**WHAT NEEDS TO BE DONE**
All that is needed is the lines from the one containing "Во внутреннем дворе" through the end of the listing, printed exactly, with no pictures among them.

**DATA SHOWN**
# # # #

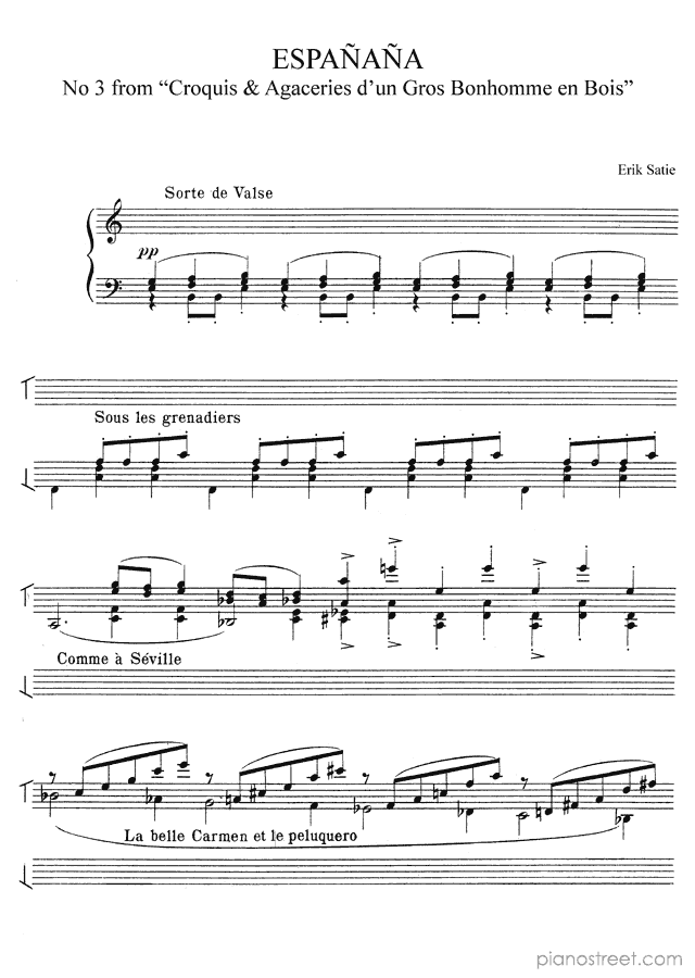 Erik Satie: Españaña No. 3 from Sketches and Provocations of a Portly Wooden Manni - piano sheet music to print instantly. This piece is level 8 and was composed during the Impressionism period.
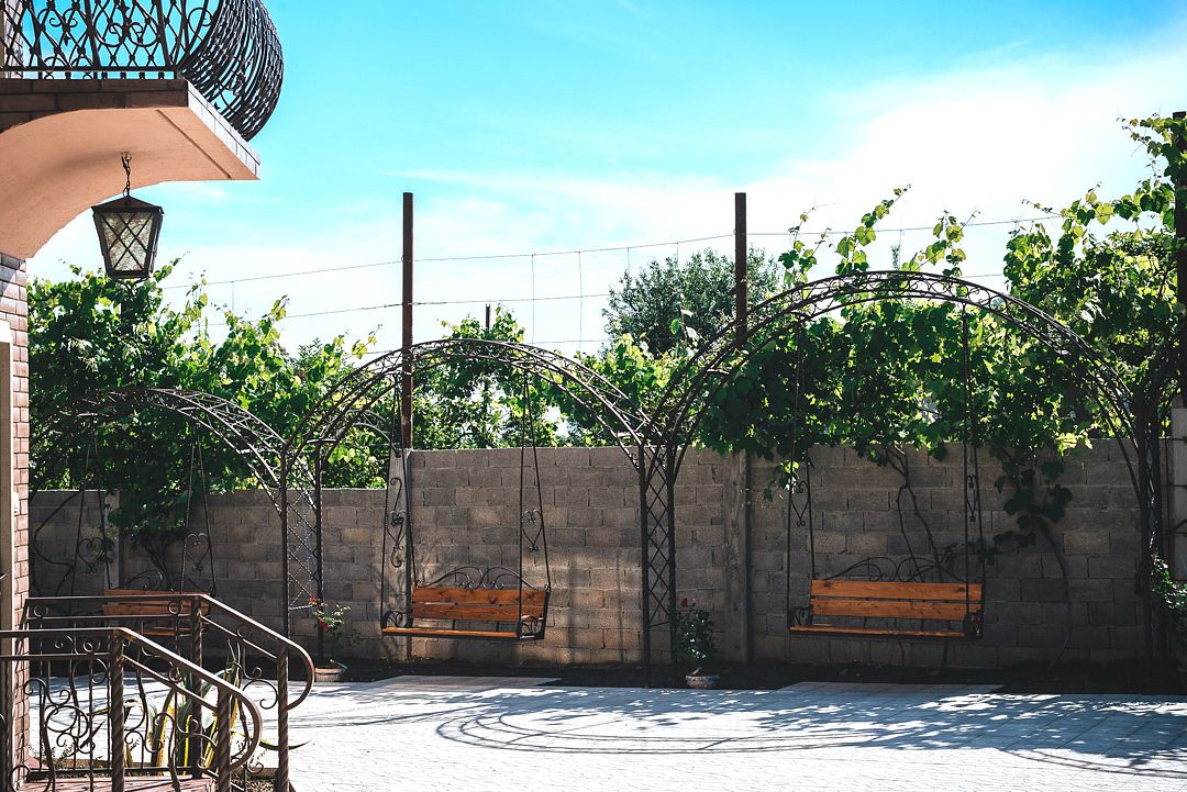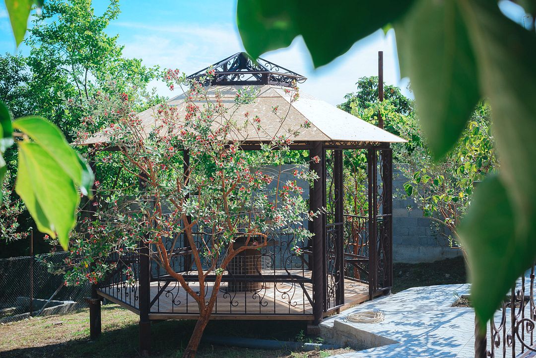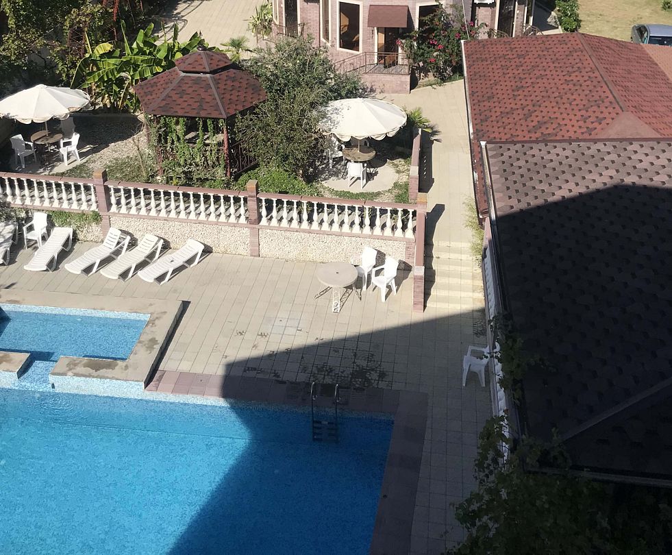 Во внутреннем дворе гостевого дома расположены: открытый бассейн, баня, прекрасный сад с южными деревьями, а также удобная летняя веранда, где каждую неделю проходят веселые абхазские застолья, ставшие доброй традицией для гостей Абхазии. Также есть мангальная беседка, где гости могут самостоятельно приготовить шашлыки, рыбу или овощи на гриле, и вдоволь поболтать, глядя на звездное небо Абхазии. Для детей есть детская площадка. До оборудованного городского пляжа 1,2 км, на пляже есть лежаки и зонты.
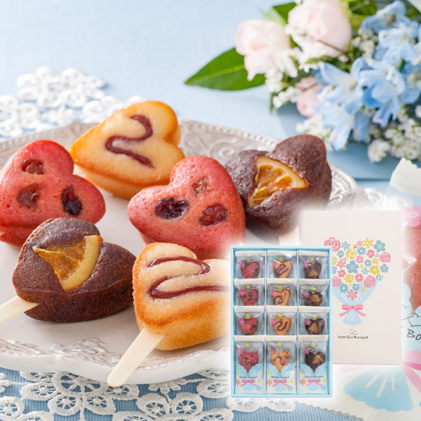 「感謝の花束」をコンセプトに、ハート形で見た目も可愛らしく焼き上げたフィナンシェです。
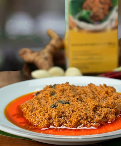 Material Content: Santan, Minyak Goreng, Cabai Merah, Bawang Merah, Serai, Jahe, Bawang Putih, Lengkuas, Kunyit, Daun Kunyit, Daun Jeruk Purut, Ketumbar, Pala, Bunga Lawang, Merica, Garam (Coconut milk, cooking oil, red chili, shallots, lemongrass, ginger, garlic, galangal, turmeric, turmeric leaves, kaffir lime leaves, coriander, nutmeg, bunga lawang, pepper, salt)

# # # #

**SOLVED PROBLEM**
 Во внутреннем дворе гостевого дома расположены: открытый бассейн, баня, прекрасный сад с южными деревьями, а также удобная летняя веранда, где каждую неделю проходят веселые абхазские застолья, ставшие доброй традицией для гостей Абхазии. Также есть мангальная беседка, где гости могут самостоятельно приготовить шашлыки, рыбу или овощи на гриле, и вдоволь поболтать, глядя на звездное небо Абхазии. Для детей есть детская площадка. До оборудованного городского пляжа 1,2 км, на пляже есть лежаки и зонты.
 「感謝の花束」をコンセプトに、ハート形で見た目も可愛らしく焼き上げたフィナンシェです。
 Material Content: Santan, Minyak Goreng, Cabai Merah, Bawang Merah, Serai, Jahe, Bawang Putih, Lengkuas, Kunyit, Daun Kunyit, Daun Jeruk Purut, Ketumbar, Pala, Bunga Lawang, Merica, Garam (Coconut milk, cooking oil, red chili, shallots, lemongrass, ginger, garlic, galangal, turmeric, turmeric leaves, kaffir lime leaves, coriander, nutmeg, bunga lawang, pepper, salt)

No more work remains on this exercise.